12-09-2014 09:07 AM
So the problem here is just that only a small number of user-item pairs are sampled to test convergence, and it turns out they consistently show a too-low estimate of convergence early on. A quick band-aid is to sample more, and log better messages about it: https://github.com/cloudera/oryx/commit/1ea63b4e493e1cfcf6d1cdc271c52befcdd12402 Too much sampling can slow things down kind of unnecessarily, and I've struggled to find a good heuristic that balances the two. This probably deserves a better bit of logic later, but this change will make this work fine, as will turning down the convergence threshold.
12-09-2014 11:09 AM
Great news, thank you. I will restart testing everything tomorrow.
In sort of related news - and if you've got time to explain - I've very briefly looked at the code changes but I still do not understand why this happens on Hadoop only?
12-09-2014 12:16 PM
The implementations are entirely separate although they do the same thing at a high level. Here the sampling process is different enough that it made a difference only in one place, even though both are sampling the same things.

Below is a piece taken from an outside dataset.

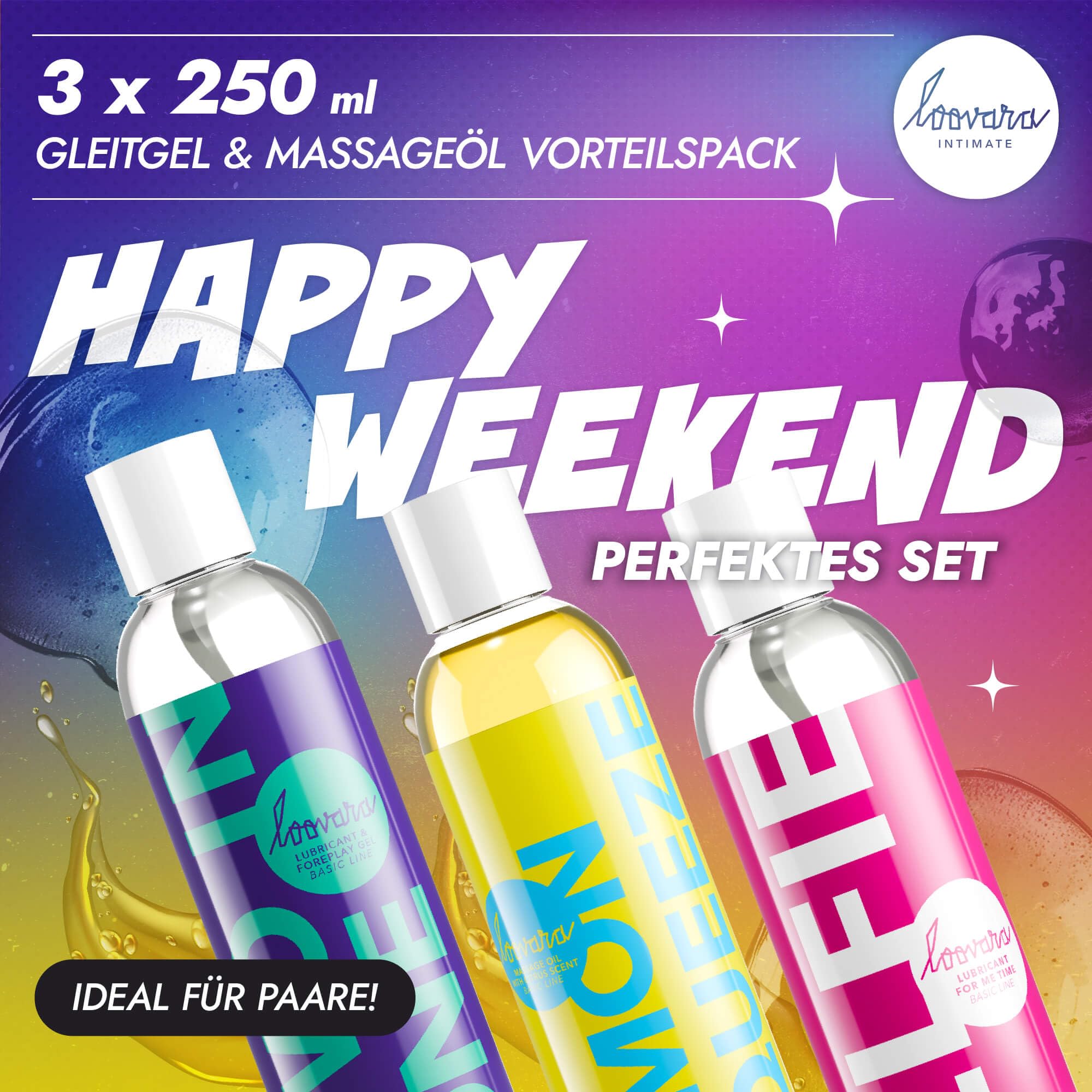 Loovara Gleitgel Massageöl 3x250ml Vorteilspack - HAPPY WEEKEND – pflegendes Massageöl Gleitgel Set, Vegan, natürlich, dermatologisch getestet, kondomsicher, Ideal für Vorspiel, Sex & Sex-Spielzeug

This distributed/non-distributed distinction is historical; there are really two codebases here. This won't be carried forward in newer versions.
12-10-2014 01:33 AM
I understand now, thank you. I will be running tests all day today on the Hadoop version and come back if there are any issues.

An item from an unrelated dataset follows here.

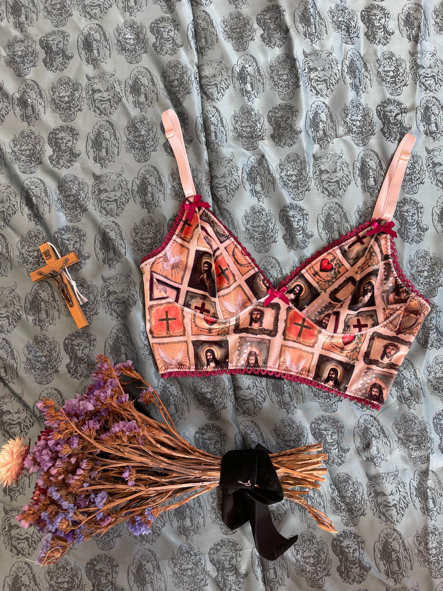 Inspired by the gothic resurgence in the 90s, the Rapture Bralette is a Jesus and Mary print, printed onto soft stretchy recycled polyester velvet. It’s a wicked little piece oozing with rebellion.

I am looking forward to see how this will scale, as my whole dataset has around 20 milion records; at this time I can't try it out as I do not have a Hadoop cluster (the company I work for will be able to give me some VMs only towards the end of January). (... I might be able to run this sooner on a Google compute API, but it's not sure).
12-11-2014 10:01 AM
Just to let you know the outcome of this, all of my tests yesterday with Hadoop, with various parameters, on the one month of searches dataset, went on fine.

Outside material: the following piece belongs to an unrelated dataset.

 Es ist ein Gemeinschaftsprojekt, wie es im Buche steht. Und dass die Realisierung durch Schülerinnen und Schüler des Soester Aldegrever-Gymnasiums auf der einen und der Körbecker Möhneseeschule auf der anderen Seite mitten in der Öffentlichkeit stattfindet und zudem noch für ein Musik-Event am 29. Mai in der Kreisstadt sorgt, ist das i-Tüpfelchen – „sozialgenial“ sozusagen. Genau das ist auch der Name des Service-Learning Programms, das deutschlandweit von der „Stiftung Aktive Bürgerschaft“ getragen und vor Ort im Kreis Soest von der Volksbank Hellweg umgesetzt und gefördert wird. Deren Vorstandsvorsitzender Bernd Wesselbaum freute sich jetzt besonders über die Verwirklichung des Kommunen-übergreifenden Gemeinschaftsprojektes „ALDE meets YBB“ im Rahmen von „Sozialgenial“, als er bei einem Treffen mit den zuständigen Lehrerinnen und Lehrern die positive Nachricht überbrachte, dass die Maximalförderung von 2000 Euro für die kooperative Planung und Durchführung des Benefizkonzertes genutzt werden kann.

I will not continue testing this further on the whole big dataset, as for the moment it looks like Hadoop is out of the picture, since I managed to get hold of a machine with 512GB of RAM which prooved up to the challange of running Oryx in memory. The dataset is 421MB, with roughly 20 million records, and it took just a few minutes to go through 29 iterations, so well done! Seemed like a big portion of time was spent writing the model (this is an SSD machine).
(I will continue further by looking at recommendations response times, how's that affected when I ingest users etc etc)
Thank you for the help with the bugs and all the explanations along the way.